Ferguson is presented as a confrontation story. The problem with that frame is that it ultimately directs our gaze away from the underlying story, which is to say, the actual story.
Even more, that very framing can determine public opinion. In a story of confrontation between people you have come to associate with wrongdoing and the police you believe are tied to law and order, the demonstrators are going to lose in the battle for public approval. We need to know why young black people see themselves as victims of prosecutorial discretion and the police as an oppressive force in the process.
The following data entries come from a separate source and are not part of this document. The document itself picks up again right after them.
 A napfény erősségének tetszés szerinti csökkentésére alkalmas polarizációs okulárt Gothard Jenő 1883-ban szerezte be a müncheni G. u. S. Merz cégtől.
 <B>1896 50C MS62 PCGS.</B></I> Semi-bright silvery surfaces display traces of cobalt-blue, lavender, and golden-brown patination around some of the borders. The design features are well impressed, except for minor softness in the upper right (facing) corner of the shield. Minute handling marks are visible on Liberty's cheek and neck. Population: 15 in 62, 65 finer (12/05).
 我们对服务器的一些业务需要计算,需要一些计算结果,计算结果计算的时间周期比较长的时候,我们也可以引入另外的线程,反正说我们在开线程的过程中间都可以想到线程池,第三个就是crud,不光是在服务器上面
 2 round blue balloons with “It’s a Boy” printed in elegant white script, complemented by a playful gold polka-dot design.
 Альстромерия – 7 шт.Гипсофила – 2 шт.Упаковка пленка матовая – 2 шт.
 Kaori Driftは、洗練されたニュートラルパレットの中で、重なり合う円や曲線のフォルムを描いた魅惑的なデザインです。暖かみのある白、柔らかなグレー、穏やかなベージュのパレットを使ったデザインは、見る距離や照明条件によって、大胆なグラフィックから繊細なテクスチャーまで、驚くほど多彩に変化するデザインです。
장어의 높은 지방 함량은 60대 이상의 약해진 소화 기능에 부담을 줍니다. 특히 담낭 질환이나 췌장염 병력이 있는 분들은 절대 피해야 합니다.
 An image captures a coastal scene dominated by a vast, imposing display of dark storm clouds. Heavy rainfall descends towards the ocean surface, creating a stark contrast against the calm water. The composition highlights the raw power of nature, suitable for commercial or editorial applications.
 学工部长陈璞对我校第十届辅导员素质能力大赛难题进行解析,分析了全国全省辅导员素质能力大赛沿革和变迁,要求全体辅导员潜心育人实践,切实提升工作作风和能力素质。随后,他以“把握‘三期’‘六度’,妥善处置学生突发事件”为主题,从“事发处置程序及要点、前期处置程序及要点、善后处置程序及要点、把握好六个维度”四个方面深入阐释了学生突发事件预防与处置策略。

We need to know why they have come to believe there is a breakdown of the law in their community by people who shoot them down in the street — hands up.
We also need to know why other people see things so differently. Television is a big part of the why. It emphasizes the visual. The immediate. The impact. The confrontation between the police and demonstrators in Ferguson will “make for good TV,” President Obama said in calling for peace following the grand jury decision not to indict Darren Wilson. Good TV. But is it good journalism?
Not without balance, it isn’t. Not without providing some deeper understanding of the meaning behind the images, the story behind the story. Otherwise, the real confrontation is a clash of perception. A racial Rorschach.
People tend to see what they want to see, what they have been conditioned to see. We have to help them see what is. To see and to understand.
That is the media responsibility—to provide the information we need to make enlightened choices about policy, about consumption, about our social interaction. We can’t get there — enlightened decision-making — without understanding the meaning of it all. The context. The why. In the many stories that have been told since last summer’s confrontations, we have learned more as the result of follow-up reporting. However, even the background stories we are getting, like the ones about the overpolicing of a majority black community by an overwhelmingly white police force, only provide part of the ultimate truth.
Even when the media begin to tell us the more nuanced stories and try to clarify that violence during the demonstrations is being committed by only a small minority of people — people who are taking advantage of the demonstration as cover — the TV images of much larger crowds and explosive confrontations tell us something different.
The tendency among many people in the viewing audience will be to conclude that the demonstrators — overwhelmingly people of color, who already are perceived to be at fault when it comes to issues of wrongdoing — are the people who are responsible when things go terribly wrong. Even when the confrontations are provoked by police. Research shows that the mere display of a gun by one person can cause the other person to be more aggressive.
So the challenge of the media is to cut through all this and to do it with careful decisions about what goes in the frame of the story and what is left out. To do it with decisions about how to balance breaking news with more background, more interpretation, more perspectives in follow-up stories.
While we want to think we are balanced in our reporting, we must consider whether we really achieve that goal. Do you really see the world in a balanced way through a gas mask, or when you are constrained by a bulletproof vest? Is your judgment guided by a sense of journalistic responsibility or a sense of threat? The answer to that question only raises another obvious one and that is, threat by whom? The police? Or the people the police are confronting? What is the perspective you get on such a confrontation from behind police barricades, in a press pen, subject to feeds by the official sources?
Without question, reporting the who, what, where and when of it all from the frontlines is tough. But if we don’t get at the “why” through more thoughtful enterprising stories, all the rest of it has no meaning and no impact in helping people move away from biases to make more reasoned choices.
If we don’t try to do that, then the question we ultimately should be asking is, “Why not?”